Kruchten’s post-war tailspin lasted for several years. He had some fights in 2007, but he was a blind drunk by then. He simply couldn’t unsee what he had seen back in the early-aughts. Soon he was taking pills and other drugs to help cope with his day-to-day. By the summer of 2009, things had gotten so bad that he actually circled a date in which he would try and end all tolls in one fell swoop.
"June 14, 2009 was the day that I decided that the end was coming," he says. "I was living on $700 a month at the time, couch surfing, virtually homeless. I took the $700 and spent it all on cocaine and pills and started doing it until eventually blacked out. Next thing I know I’m waking up in a pool of my defecation and my own vomit."
His mentor at the time, Norberto "Norbie" Lara from the Wounded Warrior Project, had been calling Kruchten for hours, sensing something was wrong. He called the authorities to go and investigate.

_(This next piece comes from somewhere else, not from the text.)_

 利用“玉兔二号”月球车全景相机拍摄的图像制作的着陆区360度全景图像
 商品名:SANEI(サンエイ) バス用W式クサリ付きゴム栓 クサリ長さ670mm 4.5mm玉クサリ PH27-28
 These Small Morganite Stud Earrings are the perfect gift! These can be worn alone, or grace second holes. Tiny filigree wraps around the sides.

"The cops found me by kicking in my door," Kruchten says. "My mentor, Norbie, who I believe more or less saved my life, he was in the back of my head the whole time I was doing it. I never had more missed calls from him than that day. Even to this day I consider him my guardian angel."
As have many troubled souls before him, it was shortly thereafter that Kruchten -- now armed not only with a second chance, but a sudden understanding that his life was worth living -- began training in mixed martial arts. The gym became a way for him to leave the ghosts to the past, and better see where he was going.

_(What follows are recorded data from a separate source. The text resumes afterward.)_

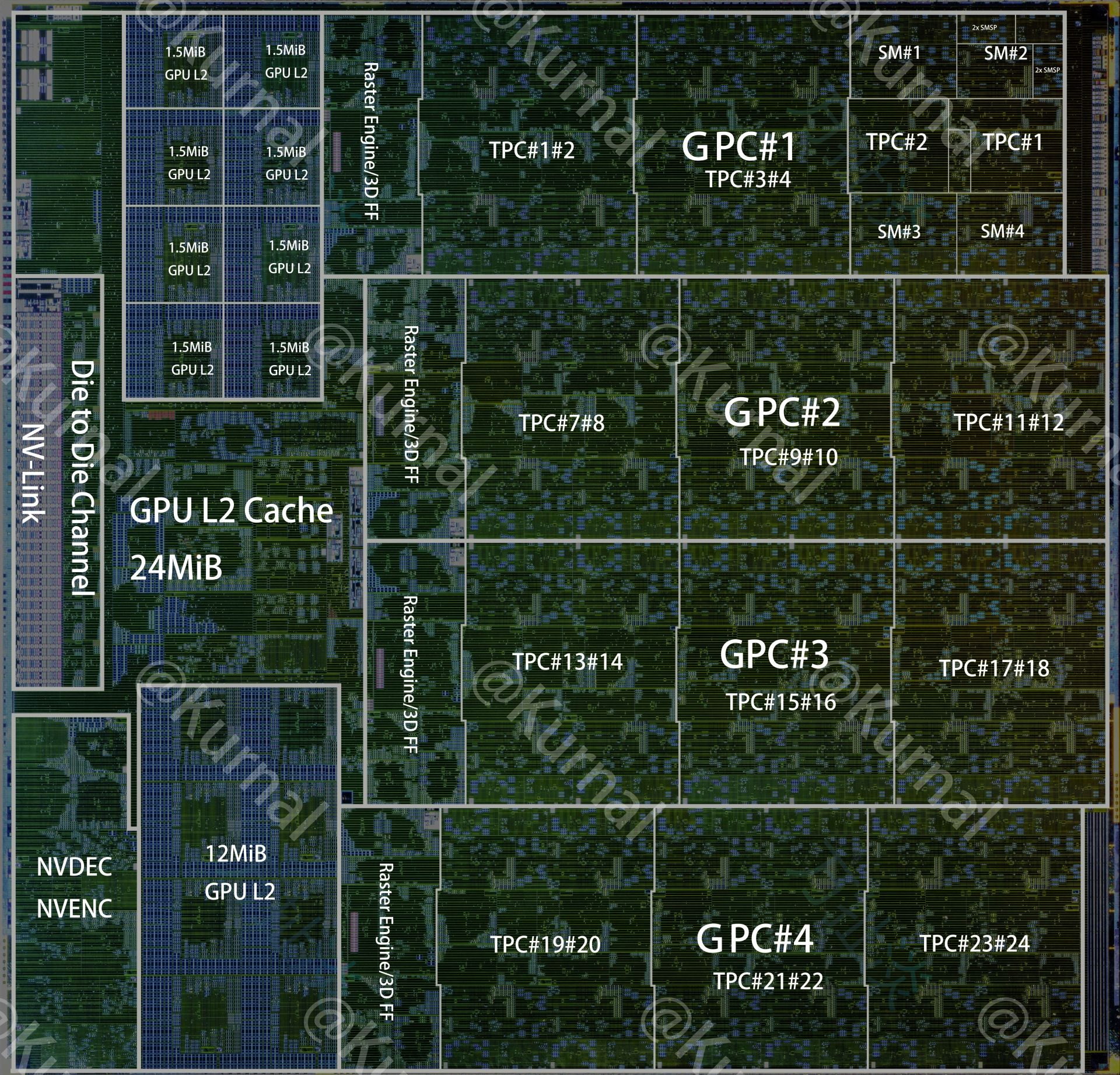 具体数据显示,GB10 的整体芯片尺寸为 12.91 x 29.55 毫米,其中 GPU 芯粒尺寸为 12.91 x 13.45 毫米,其顶层的图形处理集群(GPC)面积增加了 12.5%,纹理处理集群(TPC)增加了 16.7%,流式多处理器(SM)也增大了 13.5%。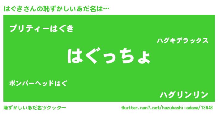 | 料理風あだ名 | 『はぐきごはん』『はぐきの豆乳スープ』 |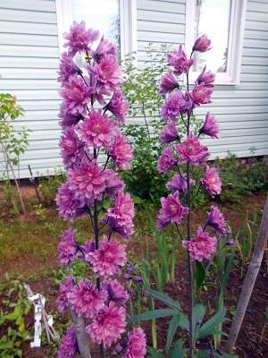 Дельфиниум Highlander Flamenco (Хайлэндер Фламенко). Дельфиниум имеет густомахровые цветки диаметром 5-6 см насыщенного пурпурно-лилового цвета. Листва пышная и зеленая, цветение обильное, начиная с середины июня, на прочных цветоносах.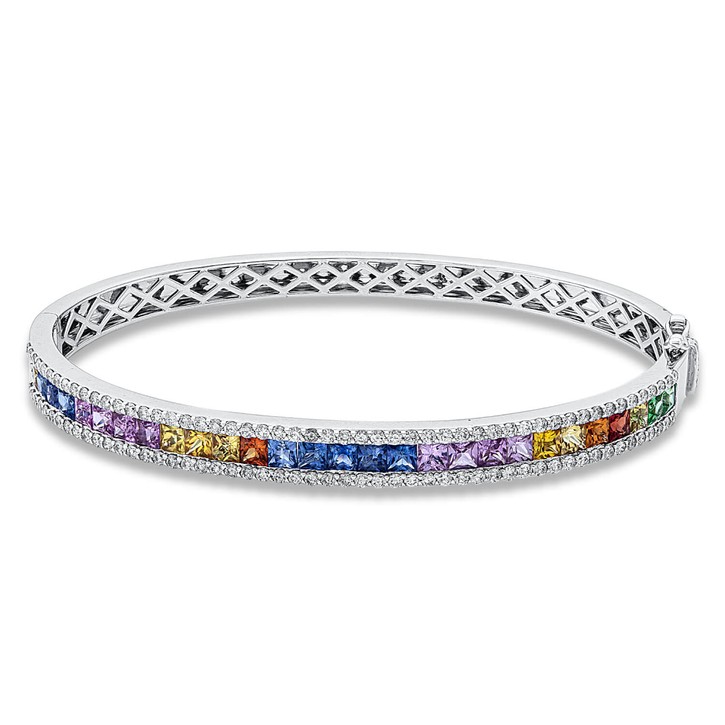 Armreif aus 750 Weißgold 28 Saphire 4,12ct mehrfarbig 104 Brillanten 1,19ct TW-SI

"I was in Wisconsin with a 2-2 record, and I thought, I’m going to move to California and become a super-famous fighter," he says. "It didn’t work out quite like that. I came out here and I just walked into a gym and I was trying to boast about myself, and I got put through the ringer. They were people that weren’t famous then, but they’re quasi-famous now. They’re Strikeforce vets, UFC vets, Affliction fight vets. They mentored me and really brought me through, and pretty soon I was winning fights, and next thing you know I’ve won 11 straight."

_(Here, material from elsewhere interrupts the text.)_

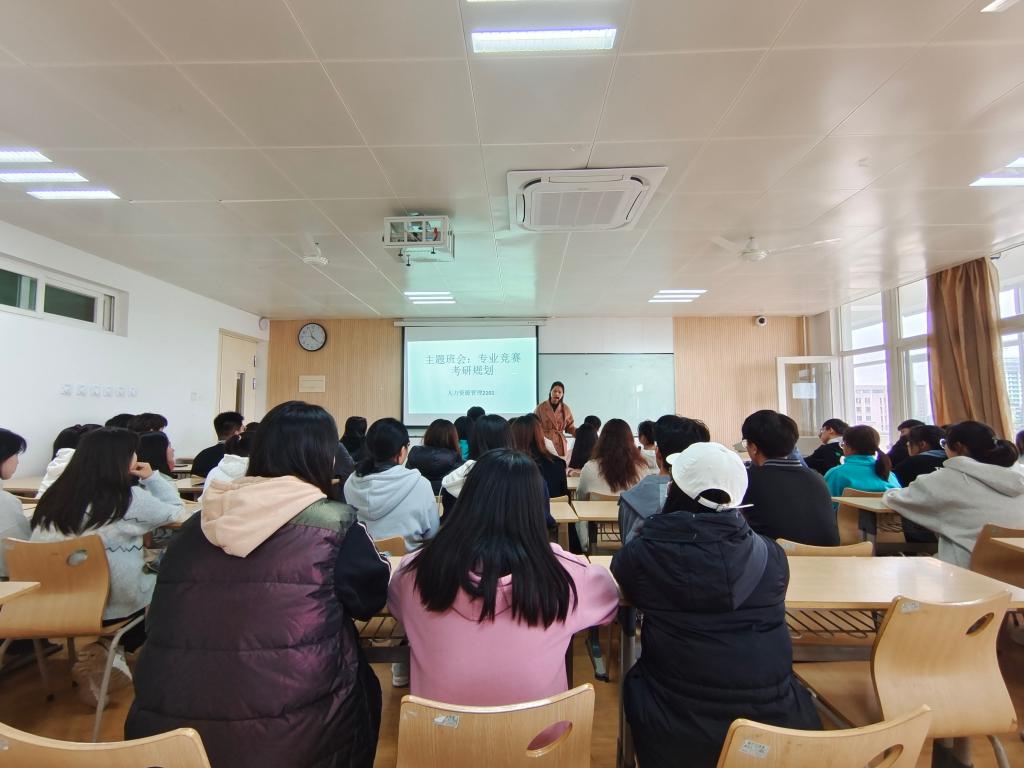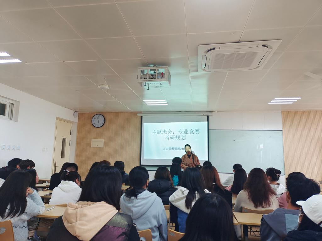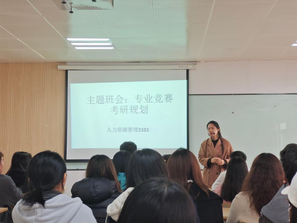 2021年10月12日上午11时,博远楼2518教室内,人力资源管理专业教师江凤香正在给人力资源管理专业2021级本科学生召开主题班会。

These days he’s at Team Oyama in Costa Mesa, California, not very far from where he was stationed at Fort Pendleton to the south. Among those he’s trained with are Quinton Jackson, Give Santana and Ian McCall, the latter who digs the edginess that Kruchten brings to the gym.
"Shane’s a great guy and a hard worker," McCall says. "He’s a little crazy…but who doesn’t like crazy?"
In a few short years the now 28-year old Kruchten has whittled his once burly frame down from 260 pounds to around 160 pounds. Standing 6-foot-1, he competes as a pikelike featherweight, and will meet fellow Marine Mike Corey on March 29 at WSOF 9.
In other words, the man who will enter the cage on Saturday will bear little resemblance to the one that fought half-cockeyed back in 2007 for a drinking spree. Yet, in tribute to his "brothers" that he served with, he carries his memories on his shoulders.
"My back tattoo is all the guys that I actually did serve with the 3rd Battalion 5th Marines, the guys on my back are the guys that I served with side-by-side or that have served while I was still in the Marine corps, or that I had previously served with. It’s a way to honor their spirits. There are 19 names, and it’s a way for me to carry them along with me everyday as a walking memorial. And also to remind myself that they got my back. I carry their names so people don’t forget the ultimate sacrifice they contributed."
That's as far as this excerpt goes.